18:36 chromatic Helped Allison debug one of the remaining pdd25cx problems.
18:36 chromatic Giving Andrew as much help as possible.
18:37 wknight8111 chromatic++
18:37 chromatic Working on some things that weren't appropriate to land before the release.
18:37 chromatic Will branch for the strings PDD shortly; going to pull in NotFound for that.
18:37 chromatic EOR
18:37 jonathan joined #parrotsketch
18:37 cotto_work mostly PMC-related bugfixes and closed tickets
18:37 cotto_work queue 1 question
18:38 cotto_work eor
18:38 pmichaud I worked mostly on lexical issues this week, trying to understand them and coming up with a way that Parrot can handle them properly
18:38 pmichaud I also tracked down the PGE bugs in the pdd25cx branch -- that appears to be a register alligator bug
18:38 pmichaud did a little more work on getting HLL to work with PCT -- several of chromatic++'s fixes this past week help there
18:39 pmichaud other than that, no formal report this week -- busy with $otherjob stuff and preparing for lots of trips
18:39 wknight8111 (register alligator)++
18:39 spinclad (alligator bug)--
18:39 barney Simplified and extended the Pipp grammar.
18:39 barney Stared support for $this in Pipp.
18:39 barney Better support for quoted strings in Pipp.
18:39 barney Fixed bug with constant table.
18:39 barney Added some languages to Perl::Critic testing.
18:39 barney Released Parrot 0.6.4.
18:40 barney Registered for YAPC::EU
18:40 barney .eor
18:42 DietCoke davidfetter? If not, particle.
18:42 davidfetter particle
18:42 * davidfetter slacker
18:42 particle ~ tewk pasted his report earlier, see the logs.
18:42 particle ~ meetings to discuss smoking parrot with ms osl keep getting canceled. hope third time is a charm (post-oscon)
18:42 particle ~ parrot foundation setup continues (banking issues, website, donation software, charitable org listing, etc)
18:42 particle ~ talking to some potential parrot foundation donors tonight
18:42 particle ~ need to finalize plans for oscon travel, and quickly!
18:42 particle .end
18:43 DietCoke Anyone else?
18:43 jonathan Mee!
18:43 jonathan This week...
18:43 jonathan * Nearly forgot Parrot Sketch! :-O
18:43 jonathan * Spent my time on my Rakudo day on Thursday mostly on implementing Perl 6 enums; the main bits are done now.
18:43 jonathan * Figured out along the way that anonymous classes should be relatively easy-ish
18:43 jonathan * Tried to contribute to the lexicals discussion a bit, though was struggling for brain cycles
18:43 jonathan * Other random odds and ends too; think I fixed a segfault due to an off-by-one...for some reason my brain is all hazy at the moment.

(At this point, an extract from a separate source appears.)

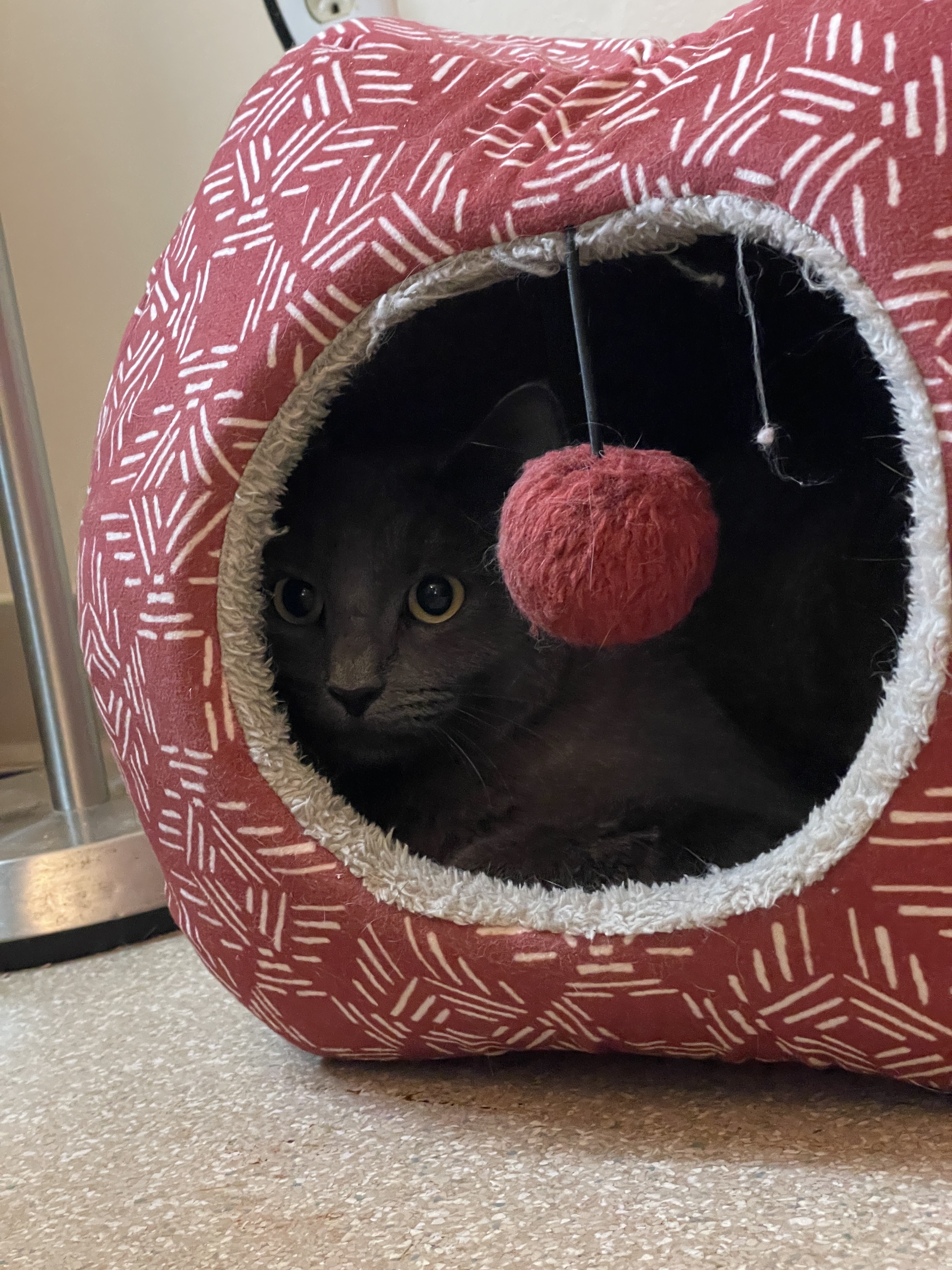 Hopscotch is a beautiful 1 year old girl who came to us as a stray with her kittens. Hopscotch is still working on trusting people, but temptation treats is a good way to win her over! She needs a slow approach, so she would not do well in a home with young kids. Hopscotch is spayed, micro-chipped, and up to date on vaccines. We will take inquiries on a first come, first served basis via email. If you have not completed our questionnaire, please do so here: https://www.shelterluv.com/matchme/adopt/MER/Cat. If you have already submitted an application with us, you do not need to do another one, please email adoptioncounselor@mrfrs.org if you are interested in adopting Hopscotch!

18:43 jonathan * Will do Rakudo day on Friday this week, since it fits best
18:43 jonathan EOR
18:43 * jonathan needs to be afk for a bit now - sorry
18:44 DietCoke heh. Anyone else?
18:45 DietCoke ok. I think there were 2 folks with questions.
18:45 DietCoke NotFound?
18:45 NotFound First question is simple: new name for pdb. Last proposal is pbc_debug
18:45 chromatic +1
18:45 allison bytecode_debug
18:45 chromatic Whose bytecode?
18:45 pmichaud pbc_debug +1
18:46 allison parrot_bytecode_debug
18:46 allison pbc is cryptic
18:46 pmichaud parrot_bdb  :-)
18:46 allison parrot_debug
18:46 pmichaud pbcdb
18:46 NotFound parrot_debug++
18:47 particle parrot_debugger++ or parrot_debug++
18:47 barney also: pdump -> pbc_dump    ??
18:47 allison in theory, it can also debug pasm or pir, so parrot_ makes sense
18:47 NotFound (I thinked it was simple)
18:47 allison I like parrot_debugger
18:48 pmichaud parrot_debugger +1
18:48 NotFound parrot_debugger +1
18:48 allison parrot_debugger +2
18:48 NotFound parrot_debugger wins!
18:49 DietCoke in that case, please update the other executable we just renamed to pbc_foo to parrot_foo. =-)

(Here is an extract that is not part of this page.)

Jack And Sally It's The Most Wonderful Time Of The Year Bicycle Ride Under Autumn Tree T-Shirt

18:49 allison barney: pdump -> parrot_dump?
18:49 pmichaud depends on the other executable.  If it's only for bytecode files, then it should probably remain 'pbc'
18:49 DietCoke pmichaud: the debugger is only for pbc. =-)
18:49 NotFound Second questions is about literal strings in pir. The spec says they can only contains ascii chars, but there are test with iso-8859-1 and utf8.
18:49 allison or parrot_
18:49 * barney agrees with pmichaud
18:50 allison parrot_bytecode_, I meant to type
18:50 DietCoke NotFound: are those prefixed with unicode:'' or something similar?
18:50 allison NotFound: that depends on the string metadata
18:50 barney parrot_bytecode_  ++
18:50 NotFound And also, is not clear if the charset and encoding prefix are intended for the string generated or the contains of the literal.
18:51 pmichaud the literal strings in PIR are always specified using ASCII
18:51 pmichaud what they encode may be iso8859-1 or utf8
18:51 pmichaud unicode:"\xbb"   legal
18:51 NotFound pmichaud: that's the way I understand the spec, but current test fails to meet it.
18:52 pmichaud "«"   not legal
18:52 allison NotFound: which test?
18:52 NotFound Forgot my notes, one second...
18:52 DietCoke pmichaud: not according to the PDD.
18:52 DietCoke "docs/pdds/draft/pdd19_pir.pod" 1295 lines --14%--            194,16        13%
18:52 allison The PDD is more advanced than the current implementation
18:53 pmichaud I'm speaking only of PDD, myself
18:53 allison so there are really two levels of answer here: what does it do now, and what should it do?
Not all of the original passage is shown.